Lowe’s Cos. cut its forecast for the second time this year, underscoring the shift away from big home-renovation projects after the pandemic boom.
For the full year, Lowe’s now sees same-store sales dropping 5%, worse than its prior expectation of a decline in the 2% to 4% range. The company also trimmed its profit outlook.
Lowe’s attributed the changes to few purchases on big-ticket items and a slowdown in spending on do-it-yourself projects in the third quarter ended Nov. 3. The DIY business accounts for about 75% of Lowe’s customer base. Demand from professional contractors is holding up better than that from the ordinary homeowners who account for most of Lowe’s sales.

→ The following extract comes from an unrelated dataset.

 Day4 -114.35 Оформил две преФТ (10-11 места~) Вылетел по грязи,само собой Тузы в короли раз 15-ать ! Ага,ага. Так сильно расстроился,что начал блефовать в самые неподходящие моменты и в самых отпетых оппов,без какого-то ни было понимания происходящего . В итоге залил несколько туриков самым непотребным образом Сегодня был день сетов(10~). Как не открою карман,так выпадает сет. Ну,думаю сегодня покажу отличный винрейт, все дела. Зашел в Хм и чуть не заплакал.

The shares fell 2% at 9:35 a.m. in New York trading. The stock had risen 2.6% since the start of the year through Monday’s close, trailing the 18% gain for the S&P 500 Index.
Same-store sales at Lowe’s fell 7.4% in the third quarter, their fourth consecutive decline, the company said Tuesday. Analysts expected a 4.9% drop.

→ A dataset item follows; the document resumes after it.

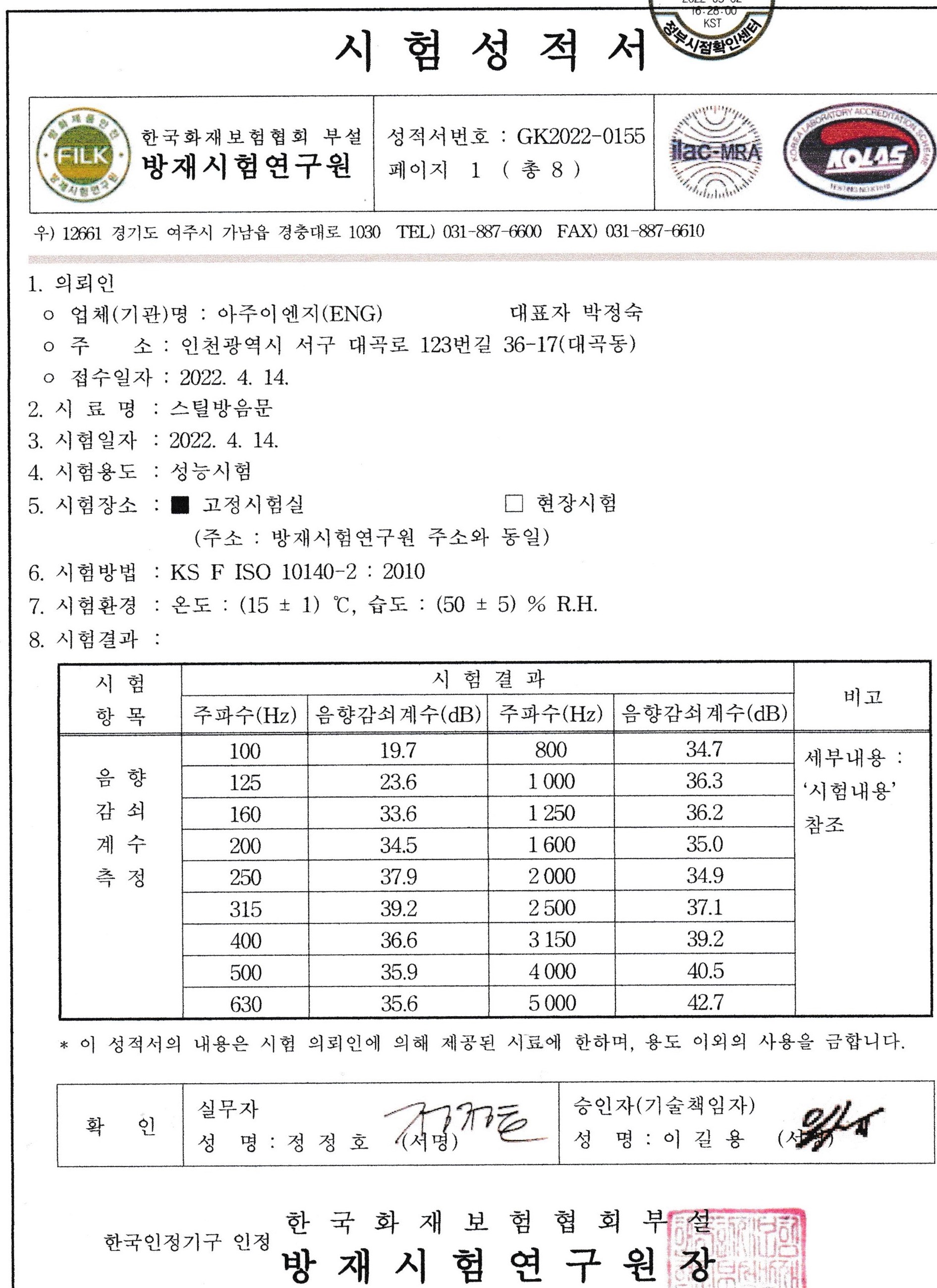 방음문 시험성적서 (시험일자 2022.04.14 )

Rival Home Depot Inc. also reported a drop in comparable sales last week, along with narrowed guidance for the year. Both companies benefited during the pandemic when locked-down Americans took on renovations and historically low borrowing costs fueled new home purchases. Now, with elevated mortgage rates and a steep drop in home sales, Home Depot and Lowe’s are on track to report their first simultaneous declines in full-year revenue growth since fiscal 2010.

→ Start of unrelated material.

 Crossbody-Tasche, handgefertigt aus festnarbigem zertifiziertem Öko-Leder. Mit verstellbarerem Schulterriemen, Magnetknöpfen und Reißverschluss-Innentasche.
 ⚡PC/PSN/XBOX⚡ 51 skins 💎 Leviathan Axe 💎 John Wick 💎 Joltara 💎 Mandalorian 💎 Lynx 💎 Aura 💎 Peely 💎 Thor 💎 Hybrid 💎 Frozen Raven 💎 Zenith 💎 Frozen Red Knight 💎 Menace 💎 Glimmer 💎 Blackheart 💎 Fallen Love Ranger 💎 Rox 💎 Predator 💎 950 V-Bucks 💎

Drew Reading, an analyst at Bloomberg Intelligence, isn’t convinced that Lowe’s will be able to right the ship soon. He called projections for sales to rebound next year “optimistic” and said recent store traffic remains weak and behind that at Home Depot, which relies more on contractors and less on DIY demand.
Lowe’s forecast cut “reflects persistent weakness in discretionary DIY spending amid an increasingly challenging consumer backdrop,” Reading said.